WORK REQUIRED: Exactly the lines from the one containing "Visit Proof |" through the end of the listing below are required, restated word for word and without pictures.

MATERIAL PROVIDED:
-----
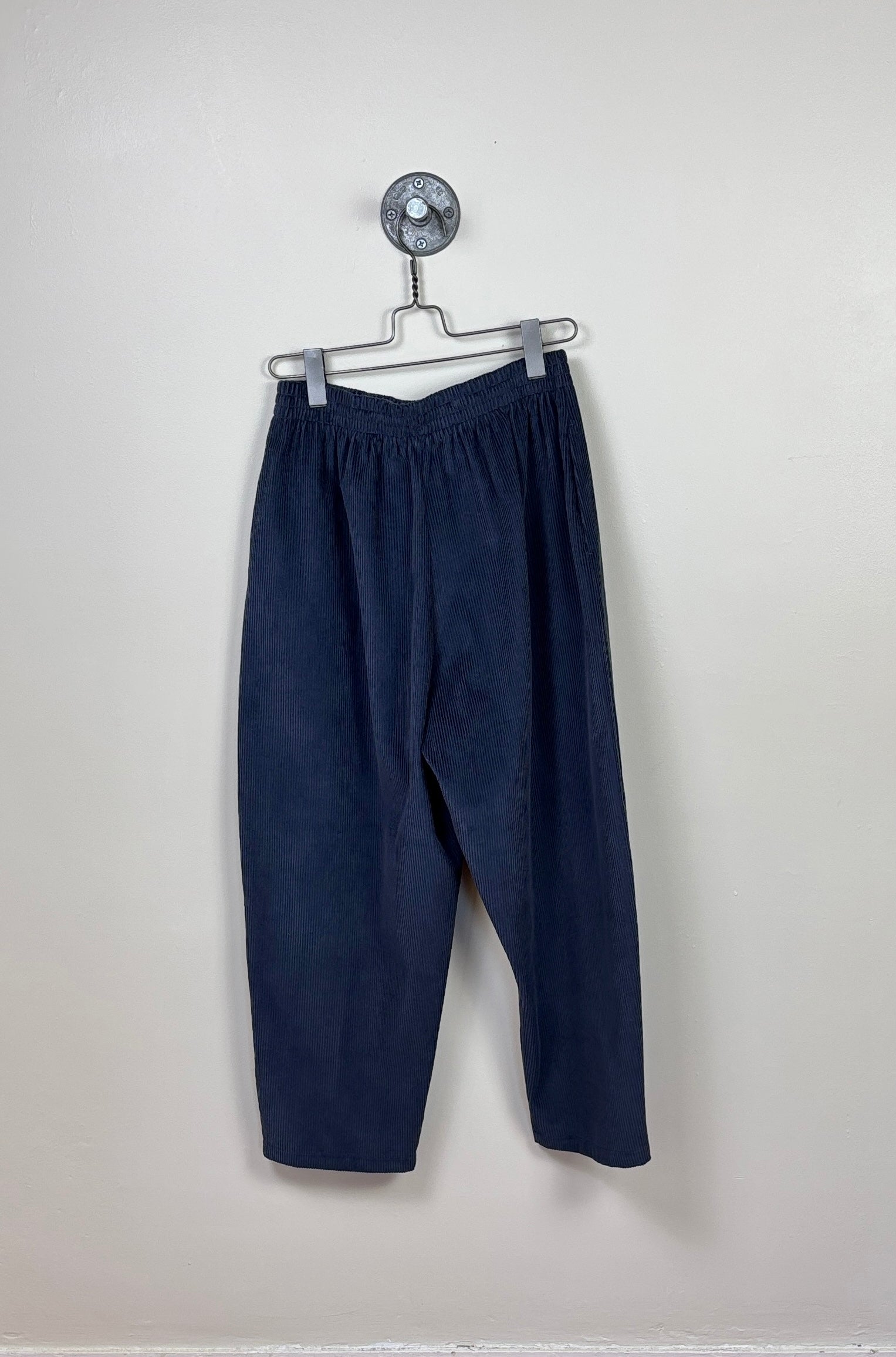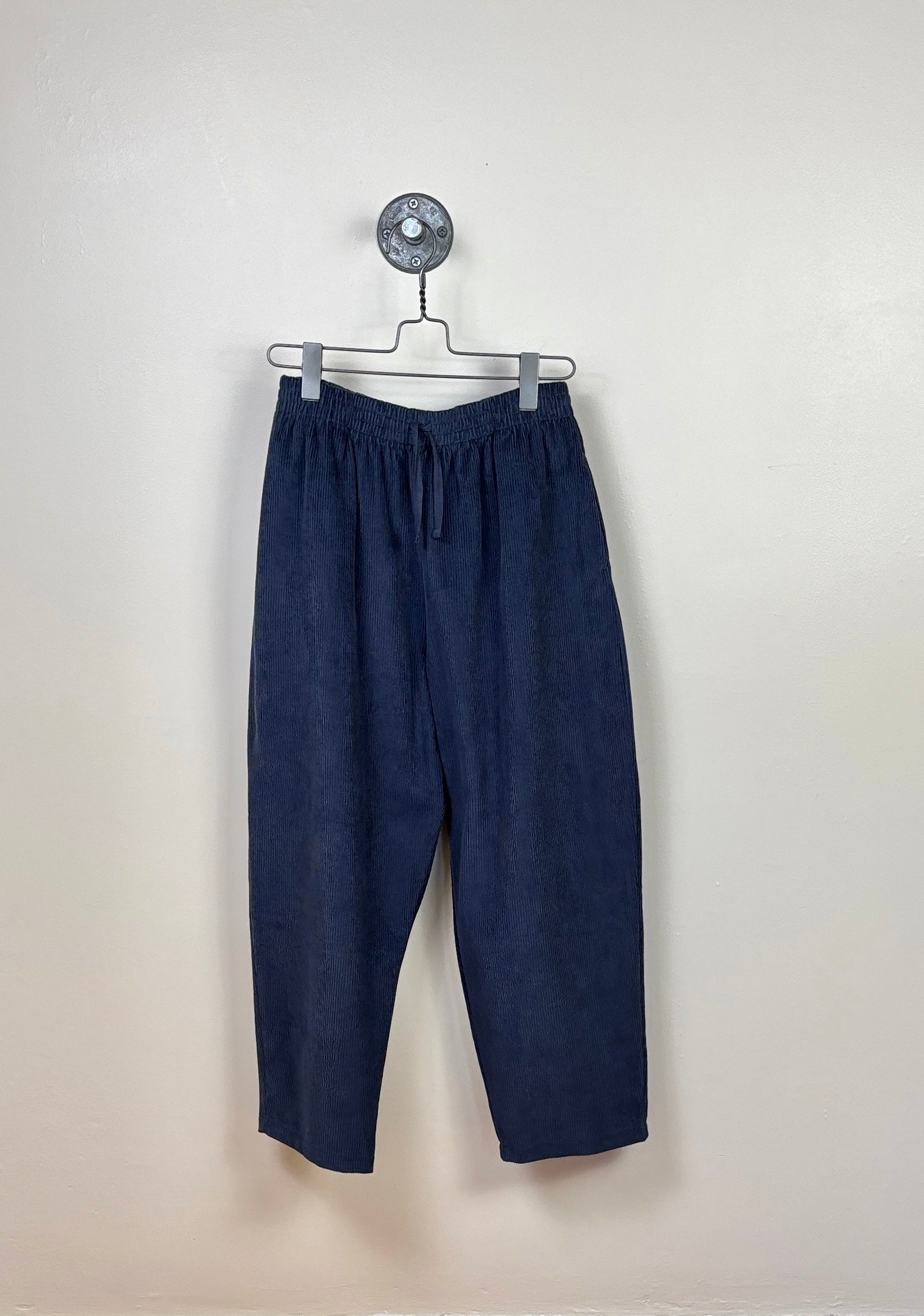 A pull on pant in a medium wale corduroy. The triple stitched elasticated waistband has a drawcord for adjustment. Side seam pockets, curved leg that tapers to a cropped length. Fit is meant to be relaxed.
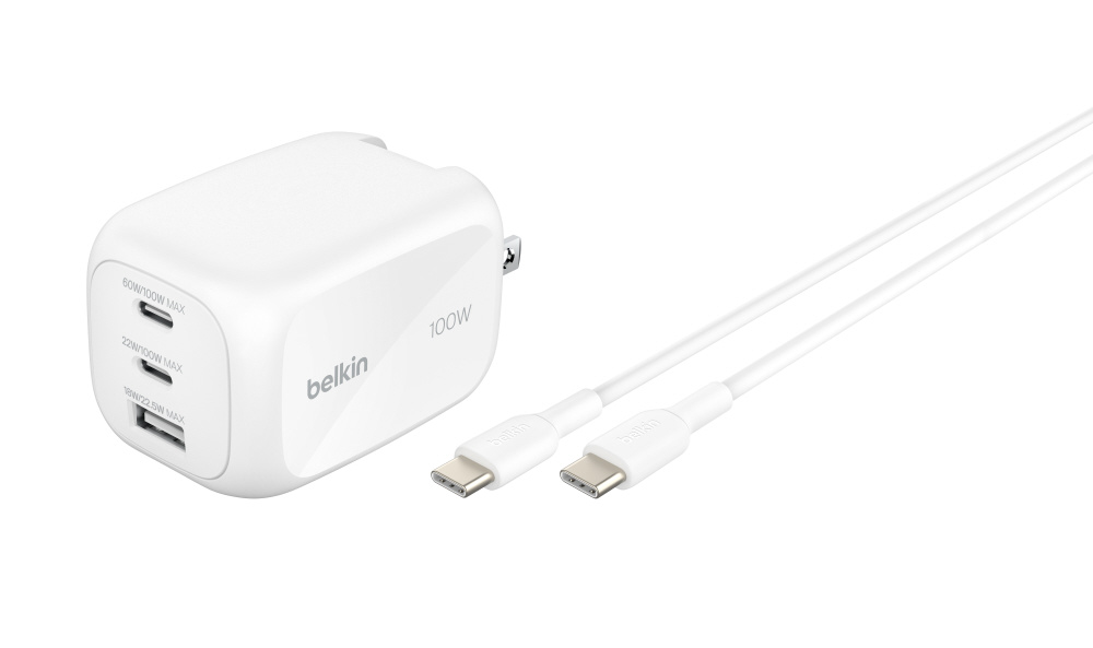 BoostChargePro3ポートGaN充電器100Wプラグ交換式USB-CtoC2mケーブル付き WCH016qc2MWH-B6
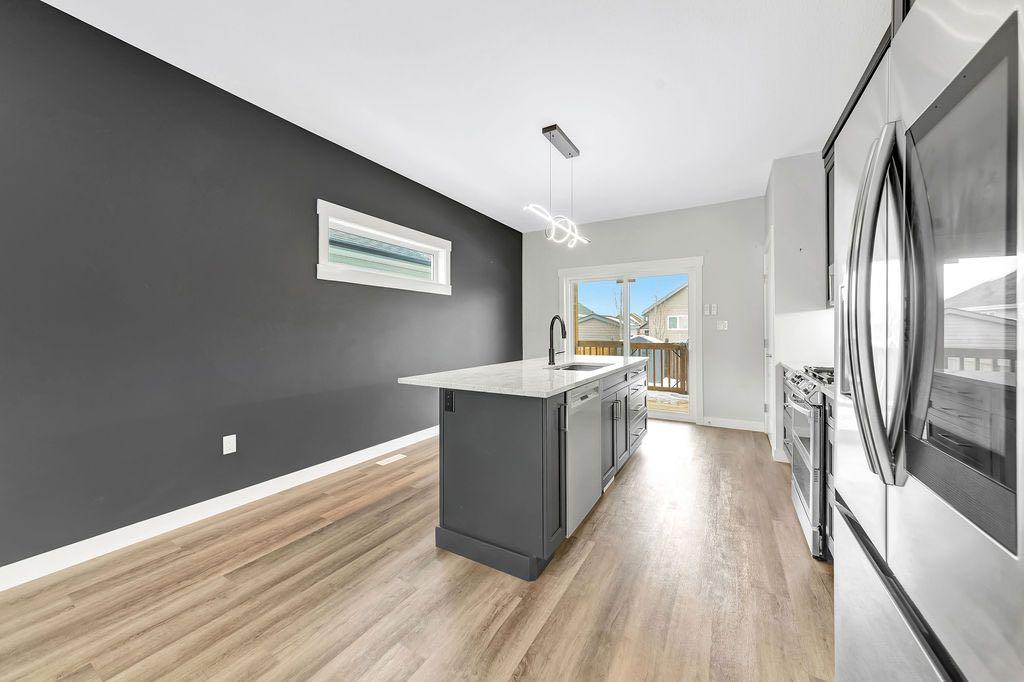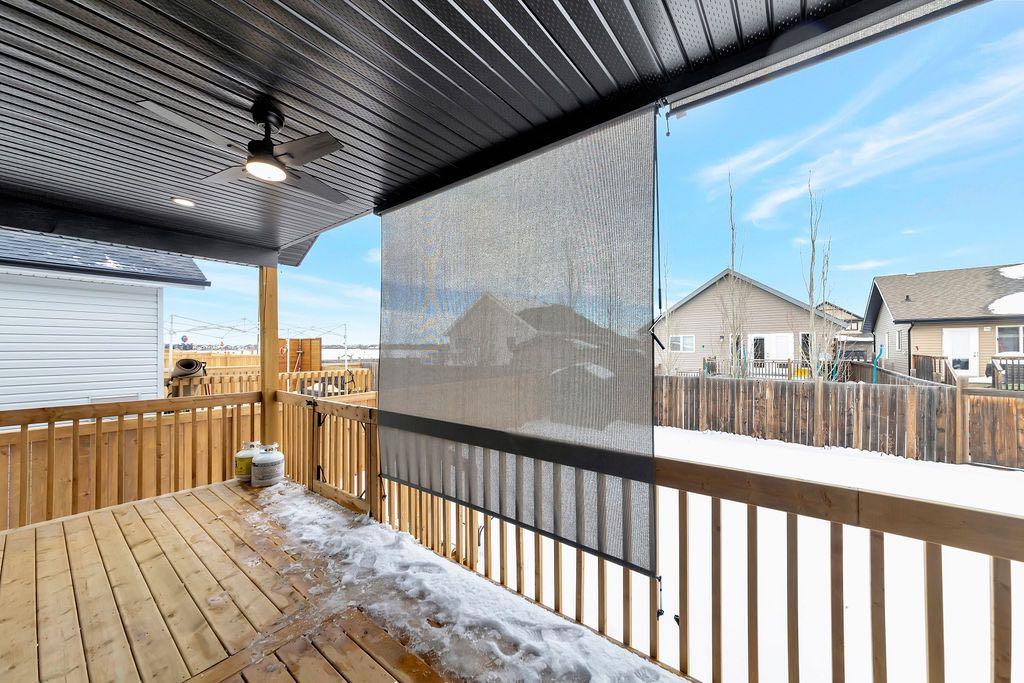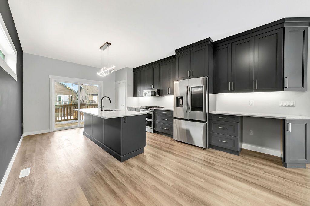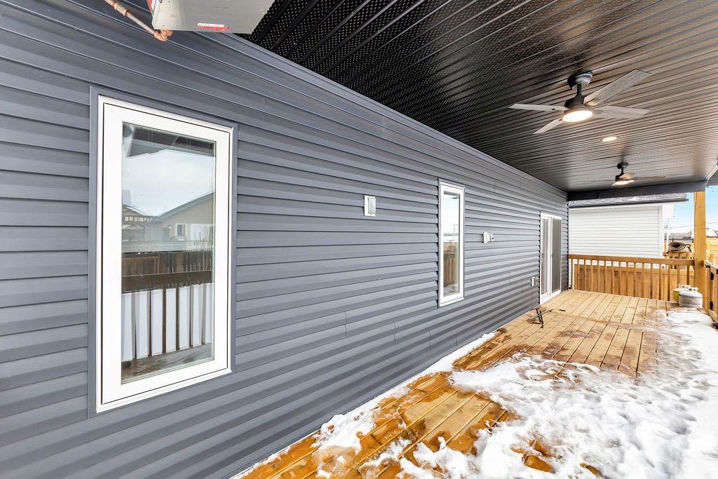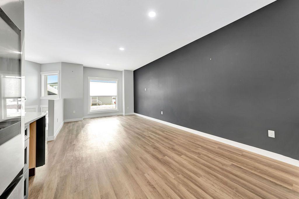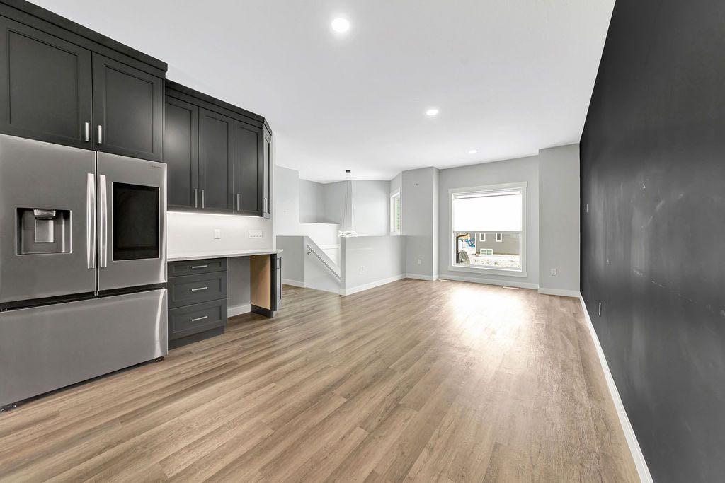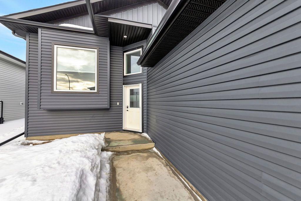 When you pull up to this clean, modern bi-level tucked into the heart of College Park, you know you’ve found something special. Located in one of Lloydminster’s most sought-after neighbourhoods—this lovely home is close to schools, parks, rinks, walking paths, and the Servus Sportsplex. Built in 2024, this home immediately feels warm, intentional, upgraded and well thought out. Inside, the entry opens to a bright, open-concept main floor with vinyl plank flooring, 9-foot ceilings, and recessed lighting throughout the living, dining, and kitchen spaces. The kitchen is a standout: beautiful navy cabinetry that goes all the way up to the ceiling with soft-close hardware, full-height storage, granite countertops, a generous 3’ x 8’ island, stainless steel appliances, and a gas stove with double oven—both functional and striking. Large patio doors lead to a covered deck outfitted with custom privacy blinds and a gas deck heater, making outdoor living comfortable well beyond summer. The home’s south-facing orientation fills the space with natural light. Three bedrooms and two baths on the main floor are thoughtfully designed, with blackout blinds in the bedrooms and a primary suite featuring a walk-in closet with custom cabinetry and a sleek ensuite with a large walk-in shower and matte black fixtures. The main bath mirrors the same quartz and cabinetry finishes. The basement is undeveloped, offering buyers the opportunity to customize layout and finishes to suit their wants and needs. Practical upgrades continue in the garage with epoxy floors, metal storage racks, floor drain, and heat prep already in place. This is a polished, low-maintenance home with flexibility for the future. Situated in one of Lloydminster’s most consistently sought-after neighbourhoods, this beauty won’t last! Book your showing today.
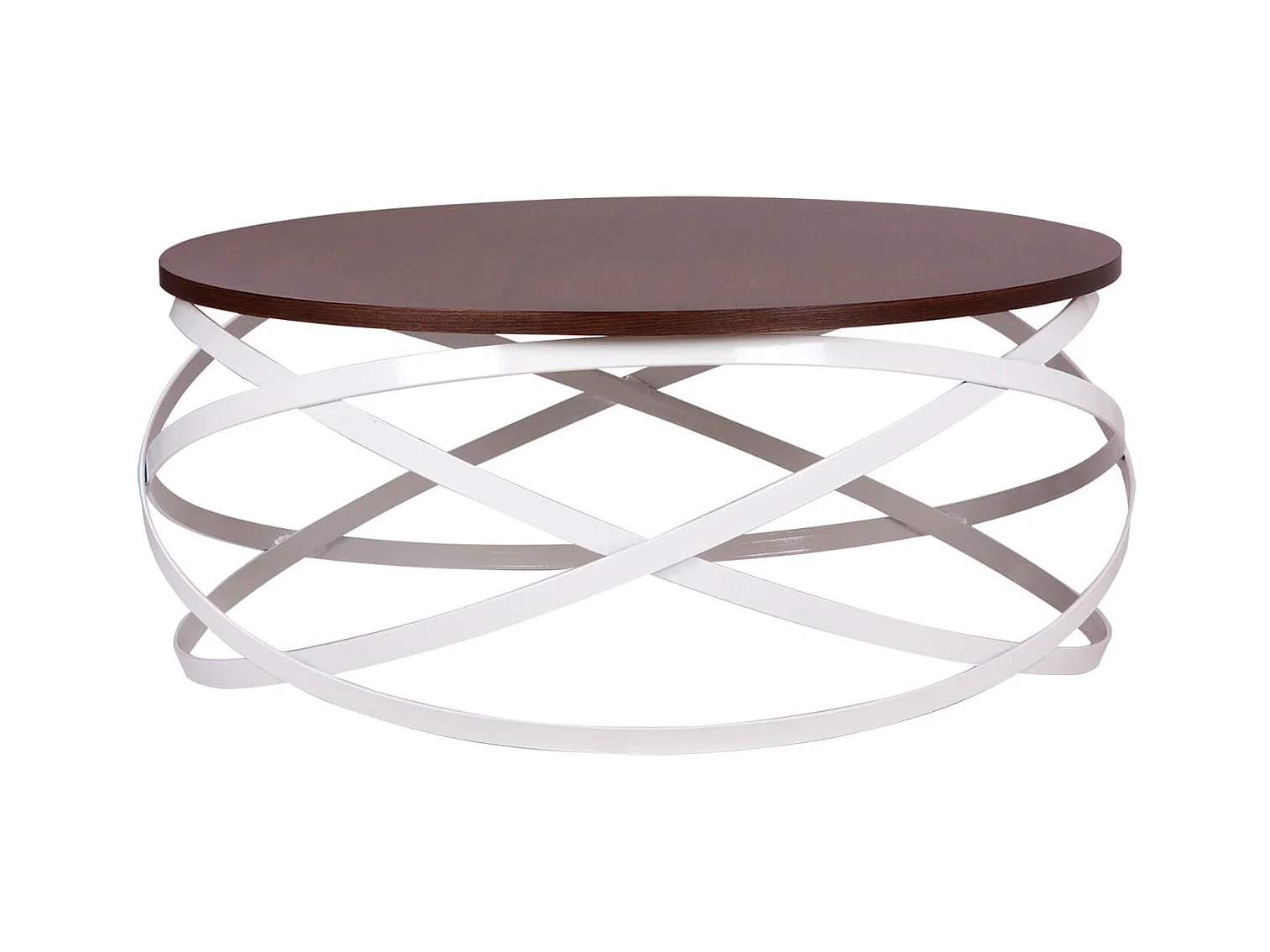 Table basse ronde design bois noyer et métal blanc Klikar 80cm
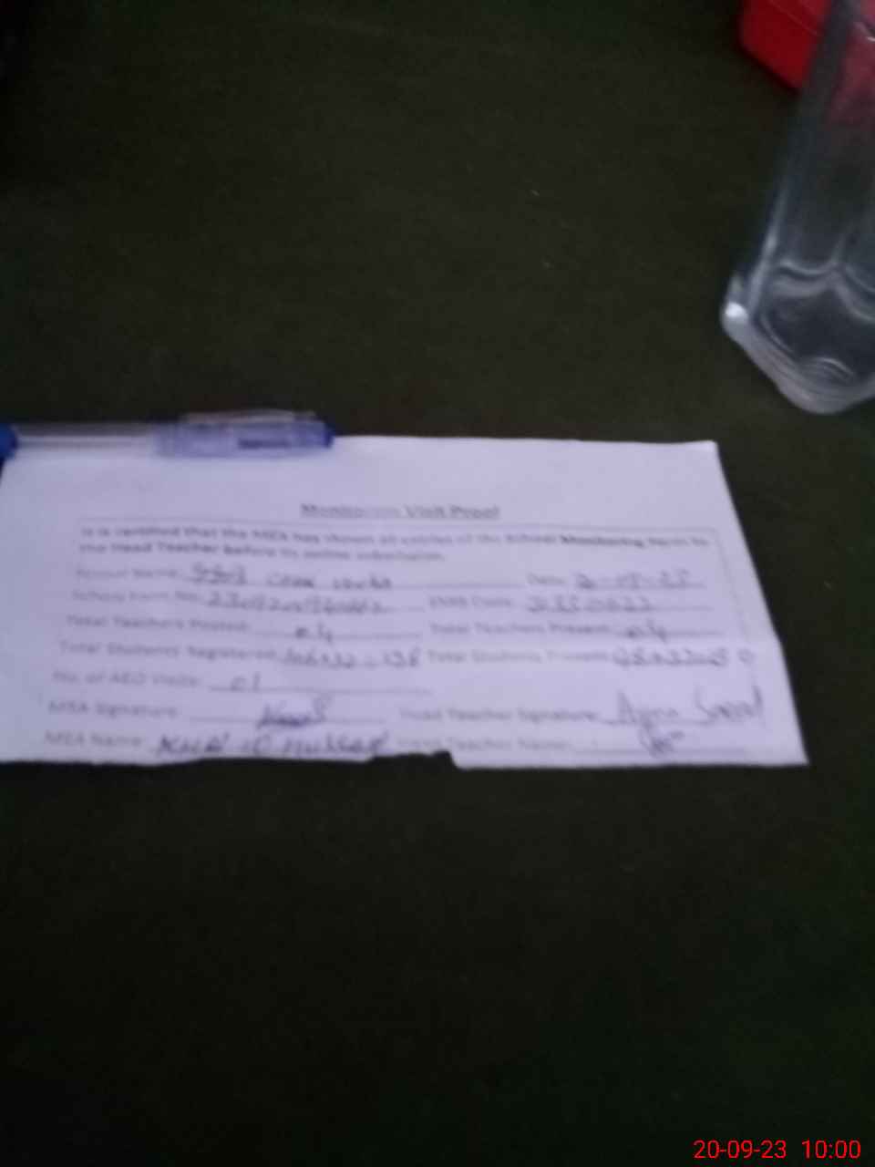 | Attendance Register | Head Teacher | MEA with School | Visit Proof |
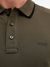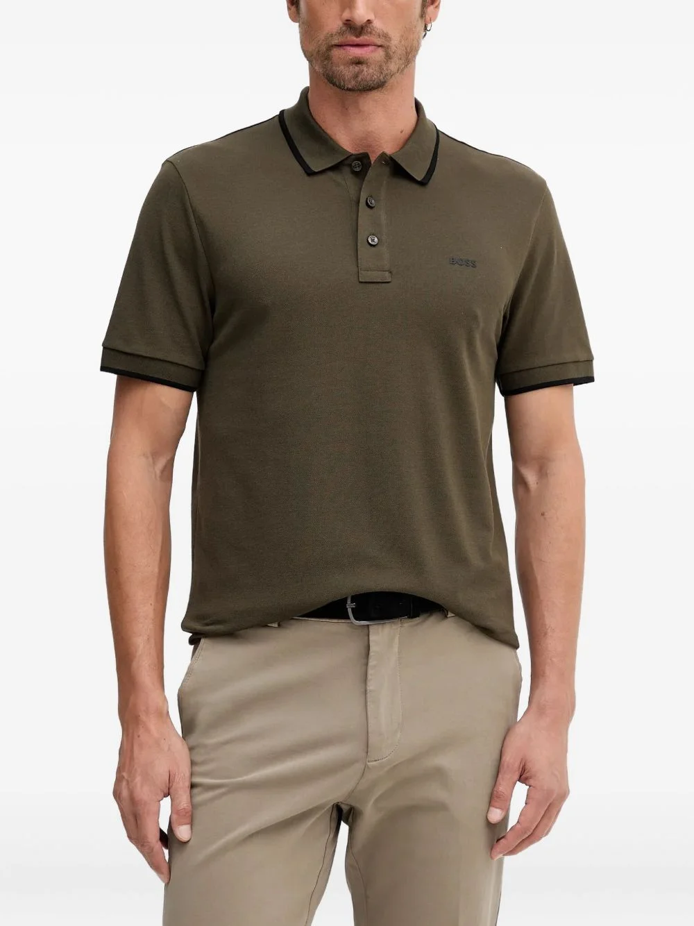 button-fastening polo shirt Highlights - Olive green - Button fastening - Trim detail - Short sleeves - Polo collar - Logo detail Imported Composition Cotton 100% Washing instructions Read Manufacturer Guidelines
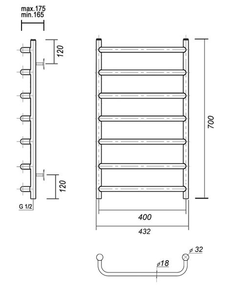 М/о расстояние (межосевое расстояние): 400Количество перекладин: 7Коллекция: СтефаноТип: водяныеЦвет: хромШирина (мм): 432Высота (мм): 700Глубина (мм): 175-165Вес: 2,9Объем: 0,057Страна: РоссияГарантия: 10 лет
-----
ANSWER TO THE EXERCISE:
 | Attendance Register | Head Teacher | MEA with School | Visit Proof |
 button-fastening polo shirt Highlights - Olive green - Button fastening - Trim detail - Short sleeves - Polo collar - Logo detail Imported Composition Cotton 100% Washing instructions Read Manufacturer Guidelines
 М/о расстояние (межосевое расстояние): 400Количество перекладин: 7Коллекция: СтефаноТип: водяныеЦвет: хромШирина (мм): 432Высота (мм): 700Глубина (мм): 175-165Вес: 2,9Объем: 0,057Страна: РоссияГарантия: 10 лет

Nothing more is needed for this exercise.